> _Exercise_
What is needed is an exact copy of the lines from the start of the records below through the line with "サンリオの人気のキャラクター", without the pictures.

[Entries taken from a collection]
——

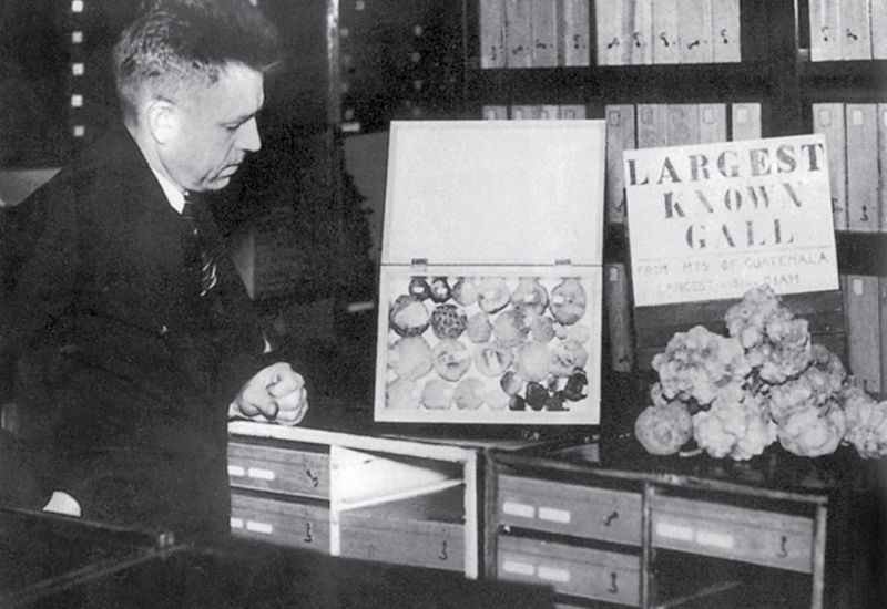 Kinsey con "la avispa gallarita más grande conocida" que encontró en Guatemala en 1936.
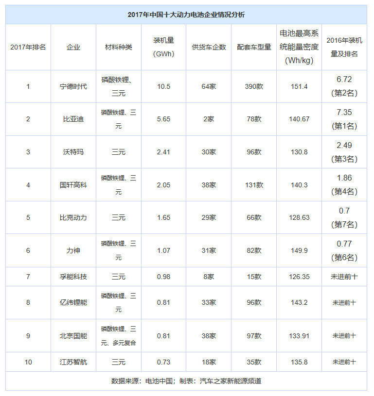 而統(tǒng)計(jì)2016年、2017年國內(nèi)排名前10的電池廠商數(shù)據(jù)可以發(fā)現(xiàn),寧德時(shí)代、比亞迪和沃特瑪在過去兩年一直居前三名,而三者的總和在2016年國內(nèi)電池裝機(jī)量的占比為59%,2017年則為51.2%。
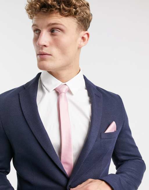 ASOS DESIGN - Set van satijnen smalle stropdas en pochet in roze
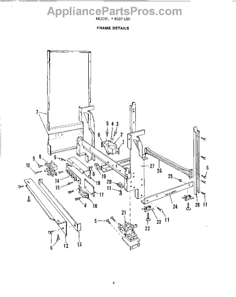 This factory screw secures appliance components to their mounting points. Replace missing, worn, or stripped hardware to restore a tight fit, proper alignment, and quieter operation across the affected assembly.
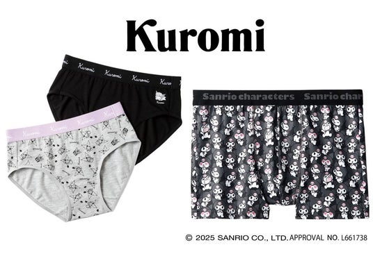 サンリオの人気のキャラクター「クロミ」をデザインしたボクサーブリーフとショーツです。ボクサーブリーフはサステナブル素材を使用。ショーツは総柄とワンポイントのセットで展開します。(品揃えのない店舗もございます)
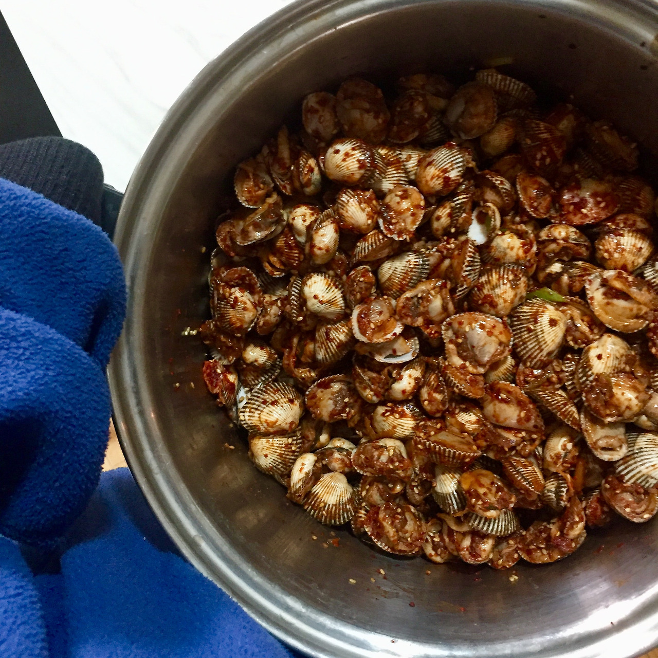 할머니는 밥집을 운영하시면서 오 남매를 키워오셨다. 우리 아빠는 오 남매의 넷째 아들이다. 우리 아빠를 이만큼 멋진 사람으로 자라게 해 준 것은 다 할머니의 손맛 덕분이다. 할머니, 아빠의 엄마, 또 나의 엄마. 아빠는 지금도 할머니의 꼬막 무침을 잊지 못하신다. 할머니가 아직까지도 팔을 걷어붙이시고 하시는 요리가 바로 꼬막 무침이다. 요즘에는 힘이 없어서 꼬막을 까는 것이 힘드시다며 나에게 꼬막을 좀 까달라고 부탁하신다. 나는 나보다 성격이 급하신 할머니가 꼬막과의 사투를 벌이다 화나시지는 않으실까 하는 마음 삼분의 일, 할머니의 손맛을 배우고 싶은 마음 삼분의 일, 설탕과 소금을 헷갈리시는 건 아닐까 하는 마음 삼분의 일을 가지고 꼬막 까기에 돌입한다.

——

> _Answer_
 Kinsey con "la avispa gallarita más grande conocida" que encontró en Guatemala en 1936.
 而統(tǒng)計(jì)2016年、2017年國內(nèi)排名前10的電池廠商數(shù)據(jù)可以發(fā)現(xiàn),寧德時(shí)代、比亞迪和沃特瑪在過去兩年一直居前三名,而三者的總和在2016年國內(nèi)電池裝機(jī)量的占比為59%,2017年則為51.2%。
 ASOS DESIGN - Set van satijnen smalle stropdas en pochet in roze
 This factory screw secures appliance components to their mounting points. Replace missing, worn, or stripped hardware to restore a tight fit, proper alignment, and quieter operation across the affected assembly.
 サンリオの人気のキャラクター「クロミ」をデザインしたボクサーブリーフとショーツです。ボクサーブリーフはサステナブル素材を使用。ショーツは総柄とワンポイントのセットで展開します。(品揃えのない店舗もございます)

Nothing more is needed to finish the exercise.